The most startling memories of those from my adult years. I remember when she stopped going to her swim exercise. She said it was because someone had stolen a hair scarf from her locker. It seemed like such a small thing, and yet she gave up swimming - something she had done for years. Why I remember that event is a mystery ... except that it might have been the first tiny little red flag for me. Tiny as to be almost quickly forgotten. She was still doing everything else. What was the concern if she changed her one activity? No big deal, right? ... and yet, I remember. For mom it was a tiny step back. For me it was a tiny step of memory - a memory stored away - a concern - step forward ... for me. That probably was in the 1990s.
Another more significant event in the 90s shook her confidence. She was involved in an auto accident. Her car was hit by a motorist who ran a red light. The impact threw her car across the street landing it on the far sidewalk. Although not visibly injured at the scene, it was later discovered that her pelvis was cracked. I believe the realization of how close she had come to serious permanent injury or death changed her a bit.
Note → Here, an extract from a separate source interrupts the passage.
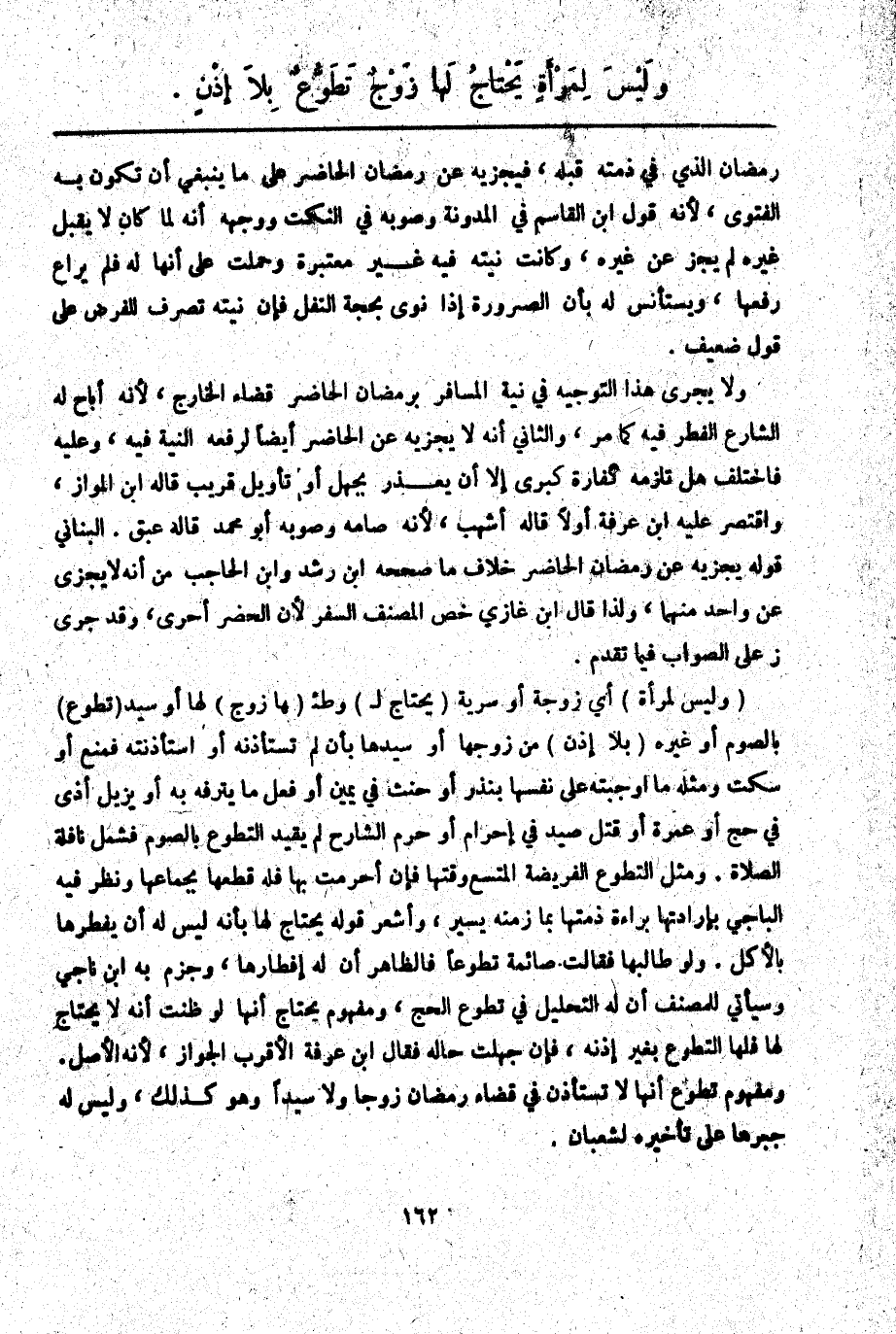(وَلَيْسَ لِمَرْأَةٍ) أَيْ: زَوْجَةٍ أَوْ سُرِّيَّةٍ (يَحْتَاجُ لَ) وَطْءُ (هَا زَوْجٌ) لَهَا أَوْ سَيِّدٌ (تَطَوُّعٌ) بِالصَّوْمِ أَوْ غَيْرِهِ (بِلَا إذْنٍ) مِنْ زَوْجِهَا أَوْ سَيِّدِهَا بِأَنْ لَمْ تَسْتَأْذِنْهُ أَوْ اسْتَأْذَنَتْهُ فَمَنَعَ أَوْ سَكَتَ وَمِثْلُهُ مَا أَوْجَبَتْهُ عَلَى نَفْسِهَا بِنَذْرٍ أَوْ حِنْثٍ فِي يَمِينٍ أَوْ فِعْلِ مَا يَتَرَفَّهُ بِهِ أَوْ يُزِيلُ أَذًى فِي حَجٍّ أَوْ عُمْرَةٍ أَوْ قَتْلِ صَيْدٍ فِي إحْرَامٍ أَوْ حَرَمٍ الشَّارِحُ لَمْ يُقَيِّدْ التَّطَوُّعَ بِالصَّوْمِ فَشَمِلَ نَافِلَةَ الصَّلَاةِ. وَمِثْلُ التَّطَوُّعِ الْفَرِيضَةُ الْمُتَّسَعُ وَقْتُهَا فَإِنْ أَحْرَمَتْ بِهَا فَلَهُ قَطْعُهَا بِجِمَاعِهَا وَنَظَرَ فِيهِ الْبَاجِيَّ بِإِرَادَتِهَا بَرَاءَةَ ذِمَّتِهَا بِمَا زَمَنُهُ يَسِيرٌ، وَأَشْعَرَ قَوْلُهُ يَحْتَاجُ لَهَا بِأَنَّهُ لَيْسَ لَهُ أَنْ يُفْطِرَهَا بِالْأَكْلِ. وَلَوْ طَالَبَهَا فَقَالَتْ صَائِمَةٌ تَطَوُّعًا فَالظَّاهِرُ أَنَّ لَهُ إفْطَارَهَا، وَجَزَمَ بِهِ ابْنُ نَاجِي وَسَيَأْتِي لِلْمُصَنِّفِ أَنَّ لَهُ التَّحْلِيلَ فِي تَطَوُّعِ الْحَجِّ، وَمَفْهُومُ يَحْتَاجُ أَنَّهَا لَوْ ظَنَّتْ أَنَّهُ لَا يَحْتَاجُ لَهَا فَلَهَا التَّطَوُّعُ بِغَيْرِ إذْنِهِ، فَإِنْ جَهِلَتْ فَقَالَ ابْنُ عَرَفَةَ الْأَقْرَبُ الْجَوَازُ،؛ لِأَنَّهُ الْأَصْلُ. وَمَفْهُومُ تَطَوُّعٌ أَنَّهَا لَا تَسْتَأْذِنُ فِي قَضَاءِ رَمَضَانَ زَوْجًا وَلَا سَيِّدًا وَهُوَ كَذَلِكَ، وَلَيْسَ لَهُ جَبْرُهَا عَلَى تَأْخِيرِهِ لِشَعْبَانَ.

The day after her accident I remember going to the tow lot where they had taken her car. The car that hit her had plowed into her car just behind her driver seat - missing her by inches - and destroying the back end of the car - the car appeared to have been bent in half and the back half was total destruction. Upon finding her car on the lot, I remember standing quite still, staring in disbelief at the pile of metal that was mother's Honda Civic, tears streaming down my face at the horror of what could have occurred and the terror she must have experienced at impact. Yes, that experience would shake anyone.
She took a step back in confidence that day. I took a protective step forward to compensate. That was 1997.